**Problem statement:**
Please repeat exactly the lines from the one containing "系统升级分为软件升级和固件升级:软件升级指的是升级机器人软件版本。" through the last line of the records, both included, and nothing else, leaving out any pictures.

BEGIN Data for analysis

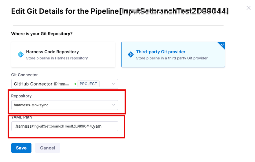 3. Update the information for the new repo, and possibly the new file location. Both have to point to the new existing location of the yaml file.
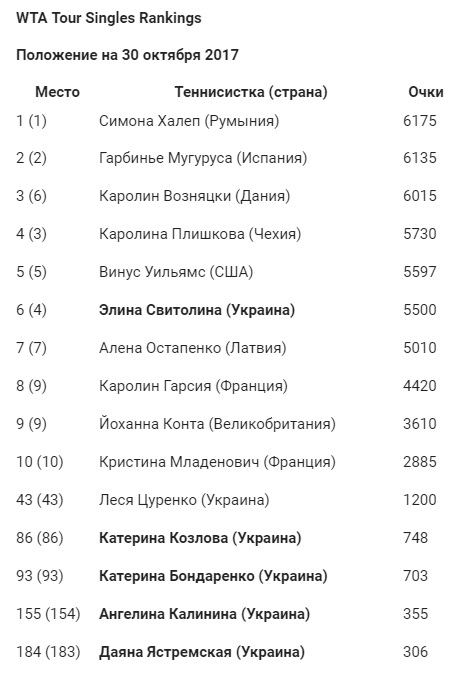 Лидером рейтинга останется румынка Симона Халеп, а в топ-3 вошли испанка Гарбинье Мугуруса и датчанка Каролин Возняцки, которая выиграла Итоговый турнир.
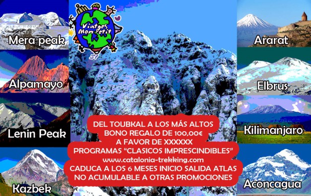 OFERTA ESPECIAL Y EXCLUSIVA DE "VIAJES MON PETIT" PARA NUESTRAS EDICIONES AL TOUBKAL. TE REGALAMOS UN BONO POR EL VALOR DE 100€ PARA OTRAS DE NUESTRAS MONTAÑAS CLÁSICAS - IMPRESCINDIBLES
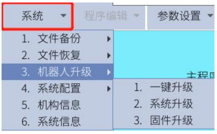 系统升级分为软件升级和固件升级:软件升级指的是升级机器人软件版本。
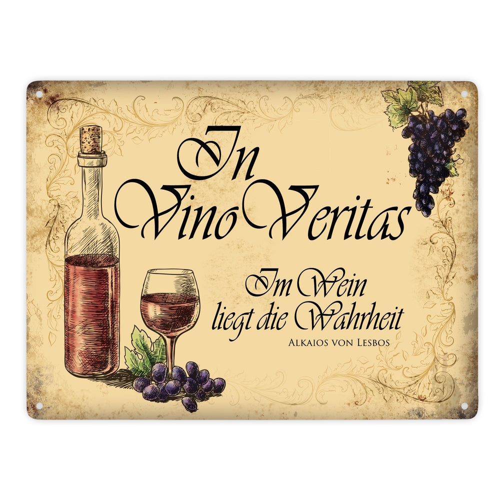 Nostalgisches Metallschild mit Weinmotiv und Zitat von Alkaios von Lesbos: "In Vino Veritas" (Im Wein liegt die Wahrheit bzw. Betrunkene sprechen die Wahrheit). Hinweise: Material: Aluminium / Dicke: 0,5 mm
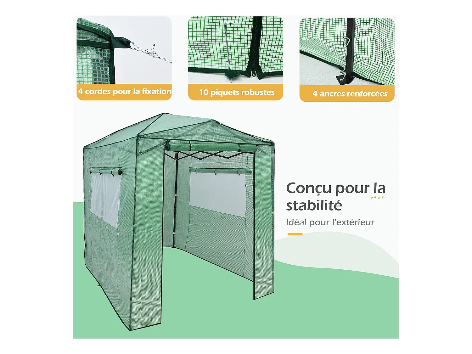 Mini serre de jardin 270L x 90l x 90H cm acier PE haute densité 140 g/m² anti-UV 3 fenêtres avec zip enroulables vert
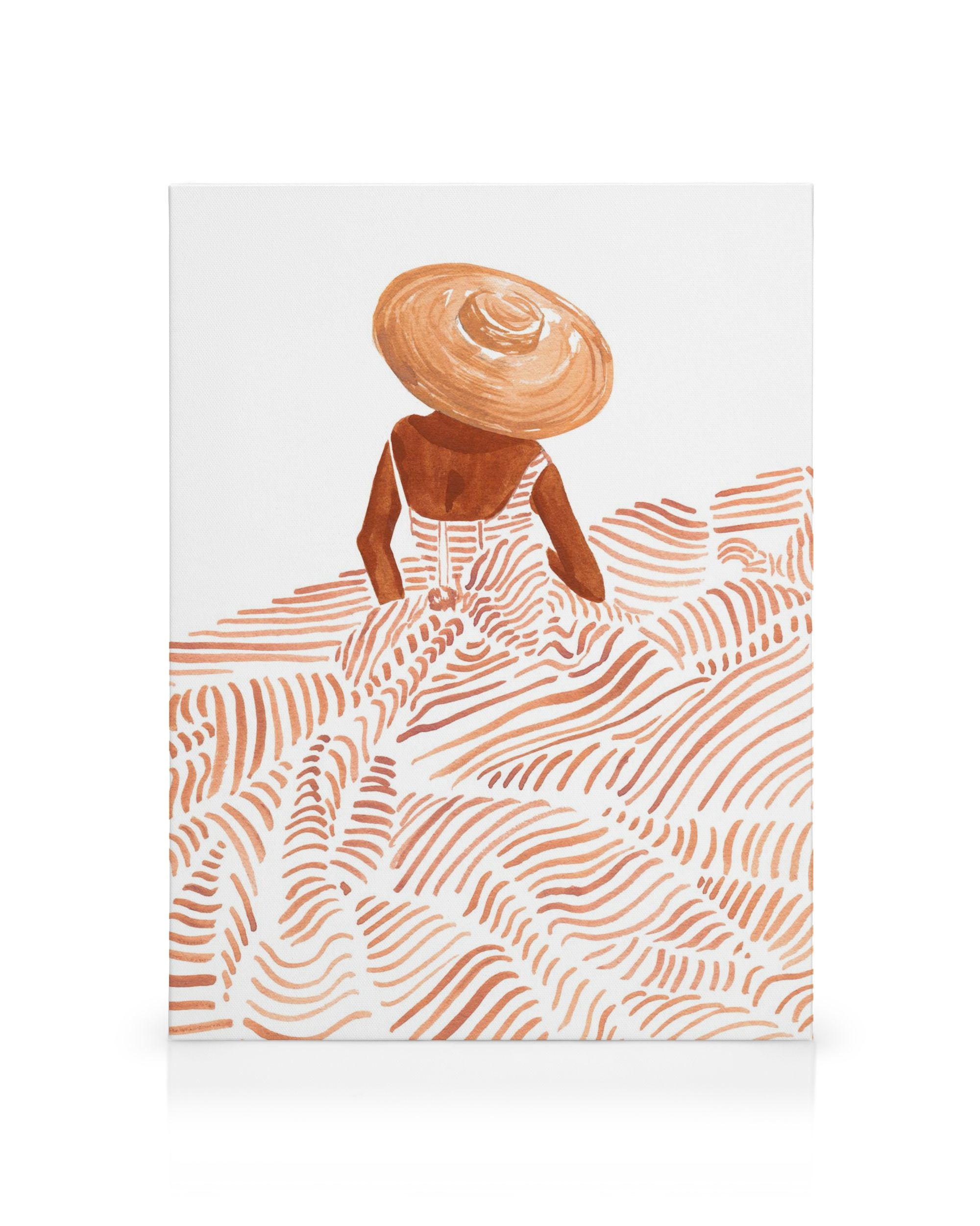 À partir de 13,17 €Une toile intrigante illustrant une personne portant un grand chapeau assise sur une surface brune à motifs, sur un fond blanc, représentée dans un style simple mais texturé.
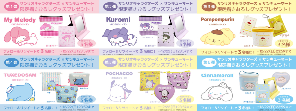 ポーチやミラー、パスケースなど!可愛さをぎゅーっと詰め込んだサンキューマートだけの描き下ろしグッズを全品390円+taxでお届け致します!

END Data for analysis

**Answer to this exercise:**
 系统升级分为软件升级和固件升级:软件升级指的是升级机器人软件版本。
 Nostalgisches Metallschild mit Weinmotiv und Zitat von Alkaios von Lesbos: "In Vino Veritas" (Im Wein liegt die Wahrheit bzw. Betrunkene sprechen die Wahrheit). Hinweise: Material: Aluminium / Dicke: 0,5 mm
 Mini serre de jardin 270L x 90l x 90H cm acier PE haute densité 140 g/m² anti-UV 3 fenêtres avec zip enroulables vert
 À partir de 13,17 €Une toile intrigante illustrant une personne portant un grand chapeau assise sur une surface brune à motifs, sur un fond blanc, représentée dans un style simple mais texturé.
 ポーチやミラー、パスケースなど!可愛さをぎゅーっと詰め込んだサンキューマートだけの描き下ろしグッズを全品390円+taxでお届け致します!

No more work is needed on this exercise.